Description of the task: Strip the pictures and reproduce the rest of the listing exactly.

——

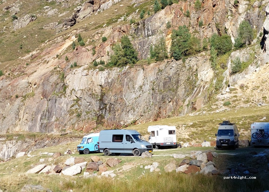 Zeer uitzonderlijke plaats met prachtige uitzichten en wandelingen , wel stevige schoenen en voldoende water meenemen , ongerepte natuur met water en bergen en stuwdam , wel klimwerk met de mobilhome nog 1 uur klimmen vanuit auzat maar zeker te moeite om te doen , wel drukke plaats bezet door Fransen , geen water , wc en elektriciteit , echt een een aanrader voor 1 of 2 nachten
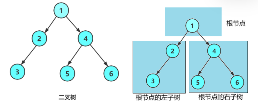 (2)非空:根节点,根节点的左子树、根节点的右子树组成的。
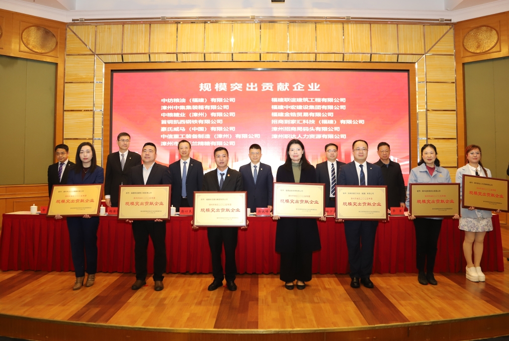 会上还为漳州开发区2025年度纳税大户、规模突出贡献企业、资源综合利用企业和企业优秀管理奖获得者颁发纪念奖牌、纪念奖杯。
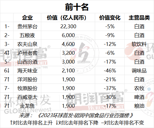 根据榜单,贵州茅台以2.2万亿价值蝉联中国食品行业最具价值企业,比去年下降5%。五粮液价值下跌9%,以6000亿元位居第二。钟睒睒的农夫山泉以4600亿元价值位居前三,虽然比去年下降12%,仍然是价值最高的软饮企业。
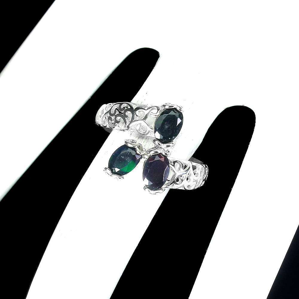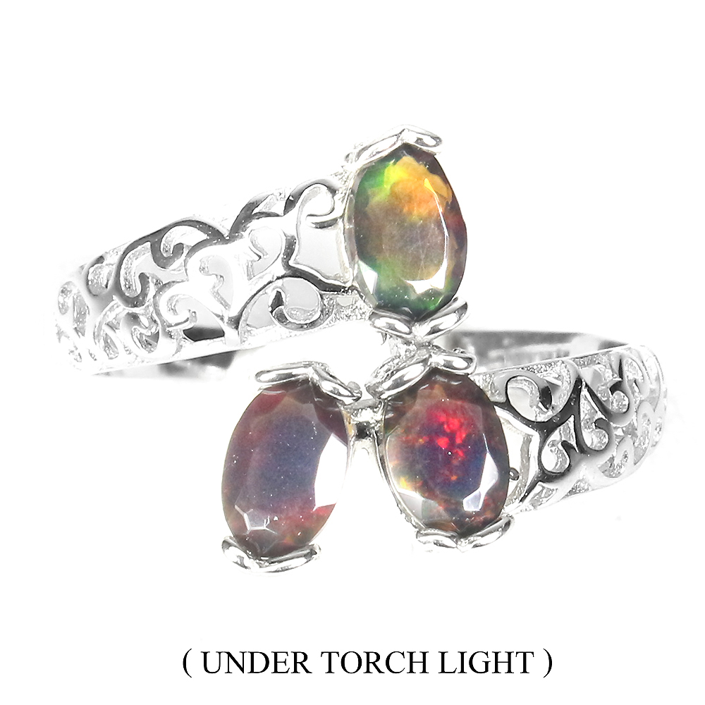 Clarity Enhanced Oval Black Opal Rainbow 6x4mm 925 Sterling Silver Ring Size 8.5
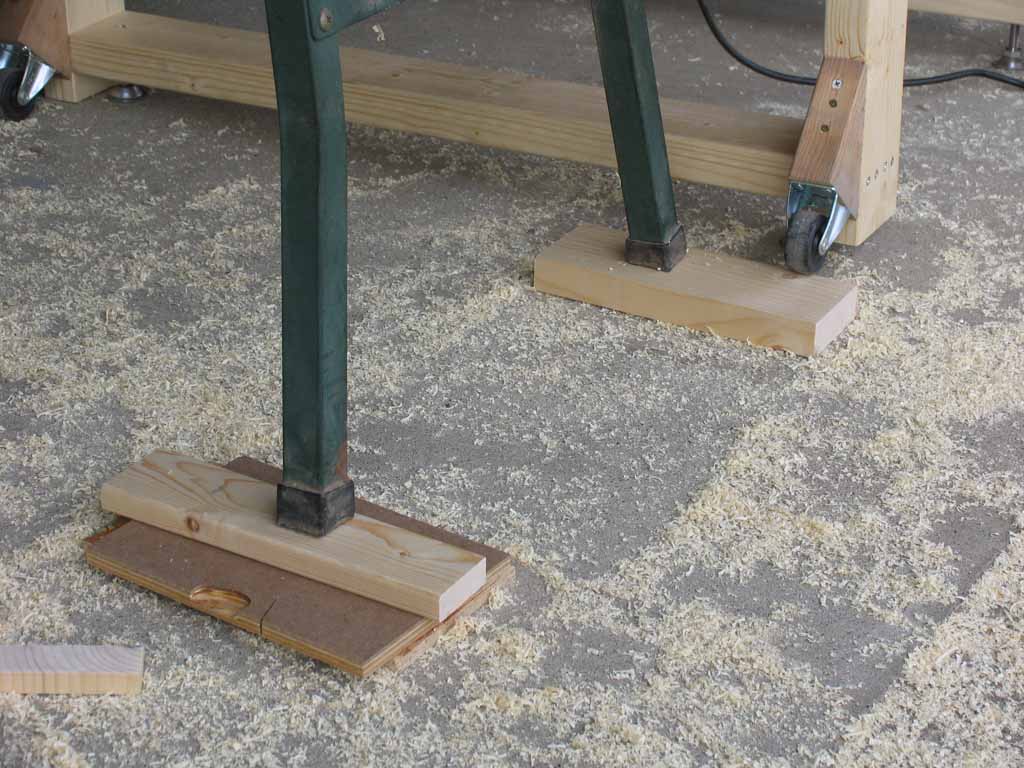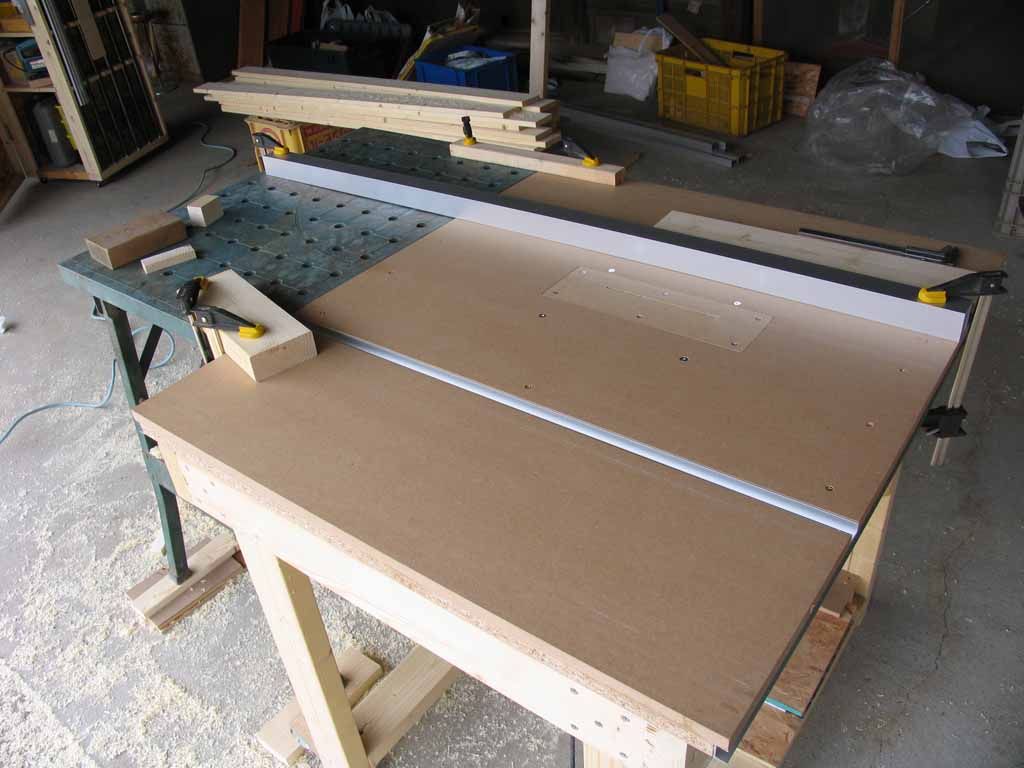 今度は板継ぎの接合面のリップを落とすために自作テーブルソーにフェンスをセット。後ろ側に材料が落ちてしまうのを防ぐため、作業台を並べます。テーブルソー制作時にこの作業台と高さは合わせてありましたが、何度も書いているように床の水平が出ていないので、こんな感じでテーブルソーと固定しています。
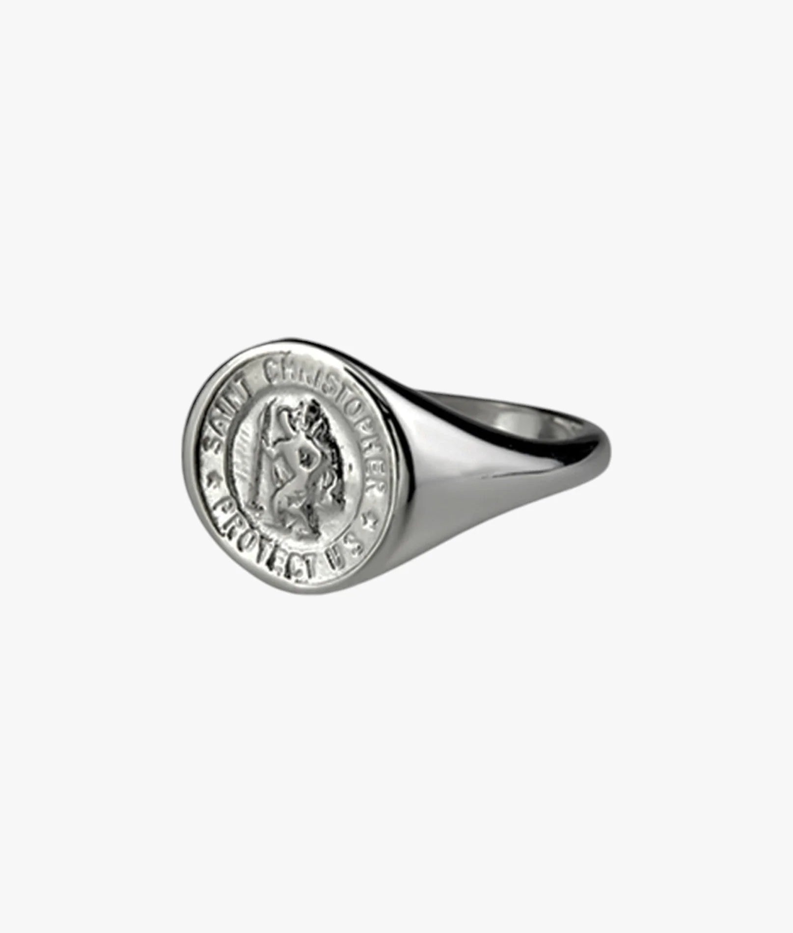 The Saint Christopher signet ring. Saint Christopher is best known as the patron saint of travel. The medal is worn for protection during your travels.
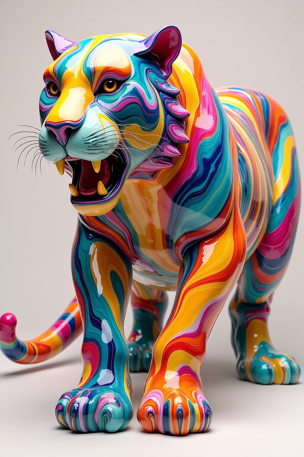 Colorful and with a fluid art sculpture style, build a fierce tiger. Bold colors clash and flow, defining its powerful stance, a mix of strength and artistry.
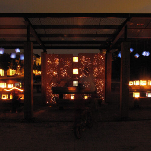 In the summer of 2004, the Werkstatt devotes itself to the subject of light, and mainly takes place after nightfall. There is an evening of readings during which a standard lamp stands next to each of the 26 benches, as if the lamps have wandered from neighbouring living rooms into the park. For the lantern lounge, lights are built in the workshop in the park and assembled to create a large ensemble. On the final evening, all the neighbours are invited bring a light source and create a lighted location in their park. They gather under trees and attempt to coordinate their torches without outside assistance. On each of these evenings of light, Carl-Weder-Park seems cosy, and those who have come stay for a long time — without any entertainment programme at all.
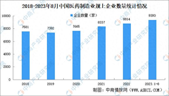 近年来,我国医药制造业规上企业数量呈现增长的态势。中商产业研究院发布的《2024-2029年中国医药制造行业深度分析及“十四五”发展机会研究报告》显示,2022年,我国医药制造业规上企业8814家,同比增加477家。2023年1-8月,我国医药制造行业规上企业9393家。
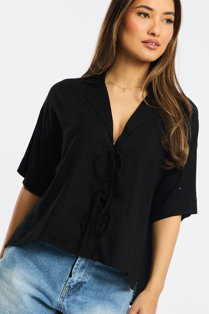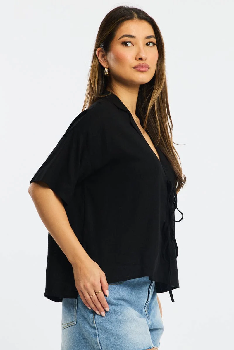 Black Tie Up Top Short Sleeve

——

Expected answer:
 Zeer uitzonderlijke plaats met prachtige uitzichten en wandelingen , wel stevige schoenen en voldoende water meenemen , ongerepte natuur met water en bergen en stuwdam , wel klimwerk met de mobilhome nog 1 uur klimmen vanuit auzat maar zeker te moeite om te doen , wel drukke plaats bezet door Fransen , geen water , wc en elektriciteit , echt een een aanrader voor 1 of 2 nachten
 (2)非空:根节点,根节点的左子树、根节点的右子树组成的。
 会上还为漳州开发区2025年度纳税大户、规模突出贡献企业、资源综合利用企业和企业优秀管理奖获得者颁发纪念奖牌、纪念奖杯。
 根据榜单,贵州茅台以2.2万亿价值蝉联中国食品行业最具价值企业,比去年下降5%。五粮液价值下跌9%,以6000亿元位居第二。钟睒睒的农夫山泉以4600亿元价值位居前三,虽然比去年下降12%,仍然是价值最高的软饮企业。
 Clarity Enhanced Oval Black Opal Rainbow 6x4mm 925 Sterling Silver Ring Size 8.5
 今度は板継ぎの接合面のリップを落とすために自作テーブルソーにフェンスをセット。後ろ側に材料が落ちてしまうのを防ぐため、作業台を並べます。テーブルソー制作時にこの作業台と高さは合わせてありましたが、何度も書いているように床の水平が出ていないので、こんな感じでテーブルソーと固定しています。
 The Saint Christopher signet ring. Saint Christopher is best known as the patron saint of travel. The medal is worn for protection during your travels.
 Colorful and with a fluid art sculpture style, build a fierce tiger. Bold colors clash and flow, defining its powerful stance, a mix of strength and artistry.
 In the summer of 2004, the Werkstatt devotes itself to the subject of light, and mainly takes place after nightfall. There is an evening of readings during which a standard lamp stands next to each of the 26 benches, as if the lamps have wandered from neighbouring living rooms into the park. For the lantern lounge, lights are built in the workshop in the park and assembled to create a large ensemble. On the final evening, all the neighbours are invited bring a light source and create a lighted location in their park. They gather under trees and attempt to coordinate their torches without outside assistance. On each of these evenings of light, Carl-Weder-Park seems cosy, and those who have come stay for a long time — without any entertainment programme at all.
 近年来,我国医药制造业规上企业数量呈现增长的态势。中商产业研究院发布的《2024-2029年中国医药制造行业深度分析及“十四五”发展机会研究报告》显示,2022年,我国医药制造业规上企业8814家,同比增加477家。2023年1-8月,我国医药制造行业规上企业9393家。
 Black Tie Up Top Short Sleeve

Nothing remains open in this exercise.